- **Task statement**
Give back the lines below exactly, but do not include any pictures.

- **Data section**
--*--

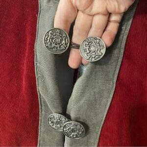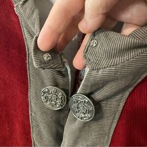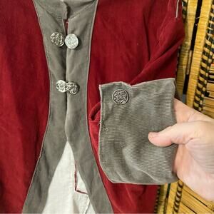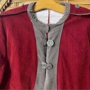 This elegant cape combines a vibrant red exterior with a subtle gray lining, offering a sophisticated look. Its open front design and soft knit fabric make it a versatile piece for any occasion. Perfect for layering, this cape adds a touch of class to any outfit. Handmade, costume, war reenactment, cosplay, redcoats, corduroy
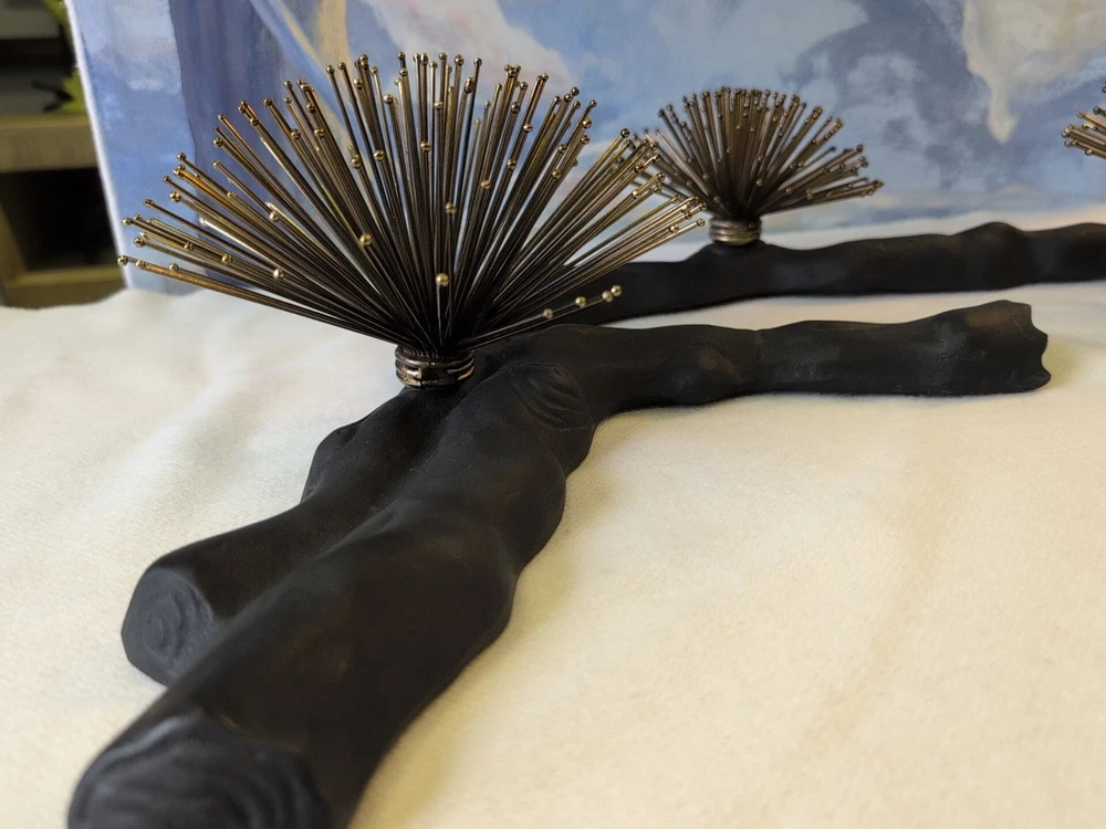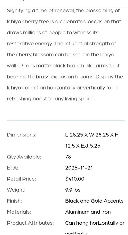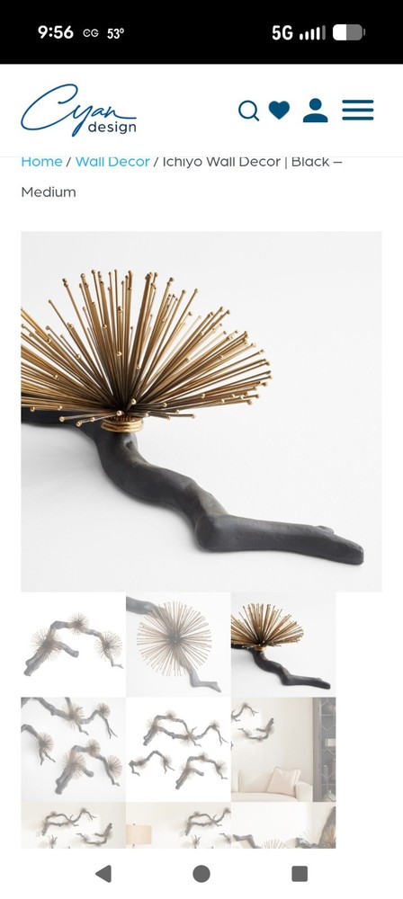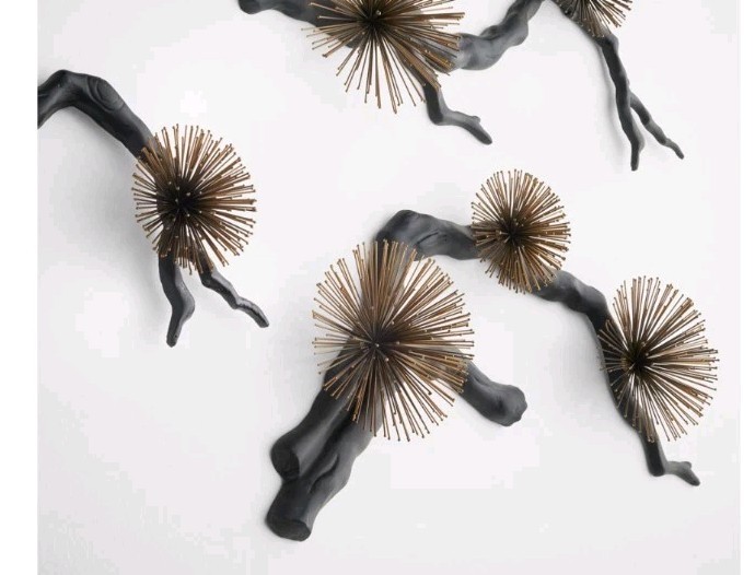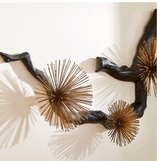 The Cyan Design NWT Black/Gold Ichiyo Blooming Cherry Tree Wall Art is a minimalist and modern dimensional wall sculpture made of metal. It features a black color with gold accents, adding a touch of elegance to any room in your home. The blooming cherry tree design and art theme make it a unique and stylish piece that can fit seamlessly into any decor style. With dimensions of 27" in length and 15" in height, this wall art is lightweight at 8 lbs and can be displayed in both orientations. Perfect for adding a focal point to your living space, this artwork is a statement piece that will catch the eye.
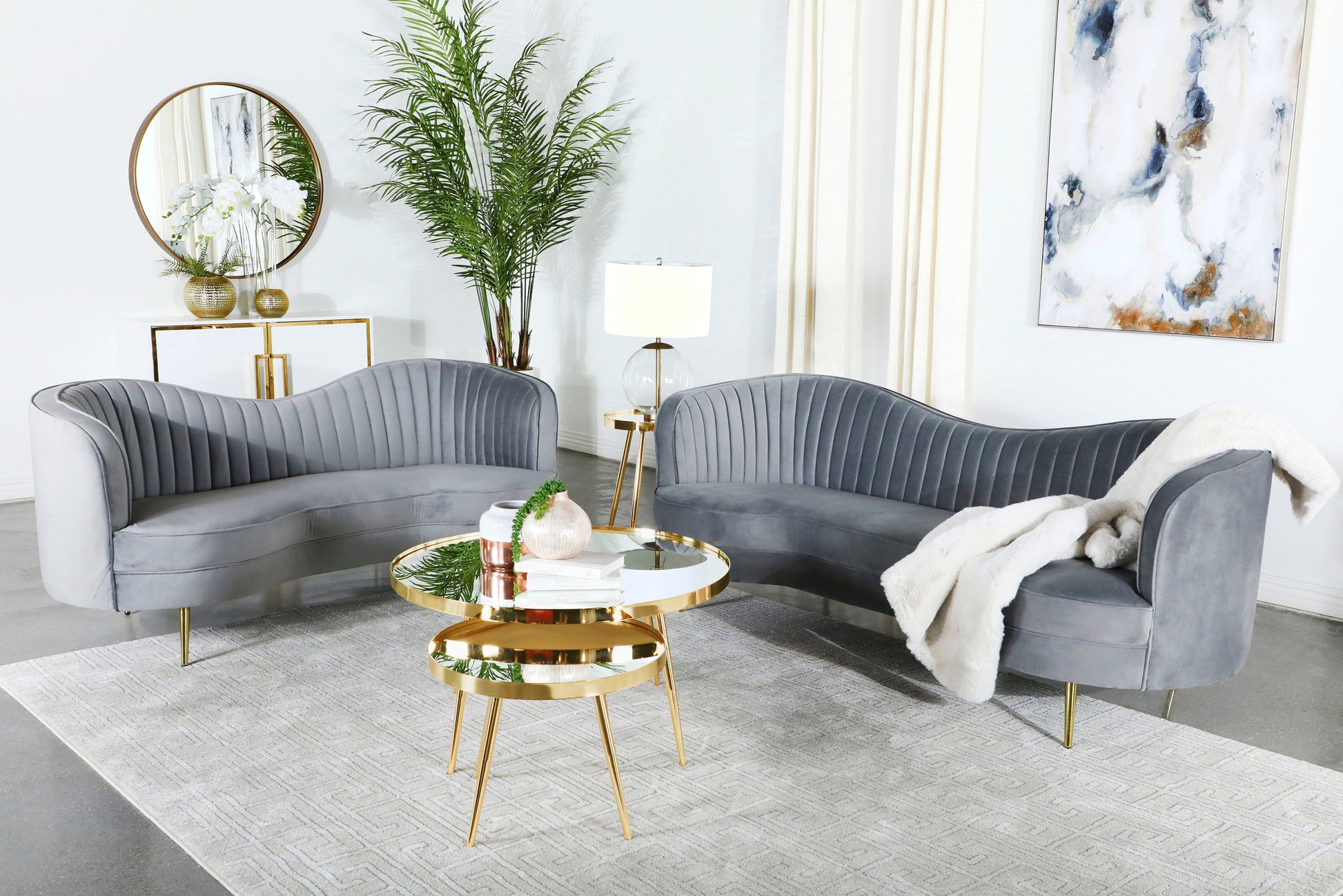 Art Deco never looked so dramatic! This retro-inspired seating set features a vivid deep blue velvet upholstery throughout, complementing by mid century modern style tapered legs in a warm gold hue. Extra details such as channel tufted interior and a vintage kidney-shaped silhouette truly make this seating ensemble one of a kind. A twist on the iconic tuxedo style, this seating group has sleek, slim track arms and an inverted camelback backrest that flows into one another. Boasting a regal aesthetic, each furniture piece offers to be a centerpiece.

--*--

- **Result of the exercise**
 This elegant cape combines a vibrant red exterior with a subtle gray lining, offering a sophisticated look. Its open front design and soft knit fabric make it a versatile piece for any occasion. Perfect for layering, this cape adds a touch of class to any outfit. Handmade, costume, war reenactment, cosplay, redcoats, corduroy
 The Cyan Design NWT Black/Gold Ichiyo Blooming Cherry Tree Wall Art is a minimalist and modern dimensional wall sculpture made of metal. It features a black color with gold accents, adding a touch of elegance to any room in your home. The blooming cherry tree design and art theme make it a unique and stylish piece that can fit seamlessly into any decor style. With dimensions of 27" in length and 15" in height, this wall art is lightweight at 8 lbs and can be displayed in both orientations. Perfect for adding a focal point to your living space, this artwork is a statement piece that will catch the eye.
 Art Deco never looked so dramatic! This retro-inspired seating set features a vivid deep blue velvet upholstery throughout, complementing by mid century modern style tapered legs in a warm gold hue. Extra details such as channel tufted interior and a vintage kidney-shaped silhouette truly make this seating ensemble one of a kind. A twist on the iconic tuxedo style, this seating group has sleek, slim track arms and an inverted camelback backrest that flows into one another. Boasting a regal aesthetic, each furniture piece offers to be a centerpiece.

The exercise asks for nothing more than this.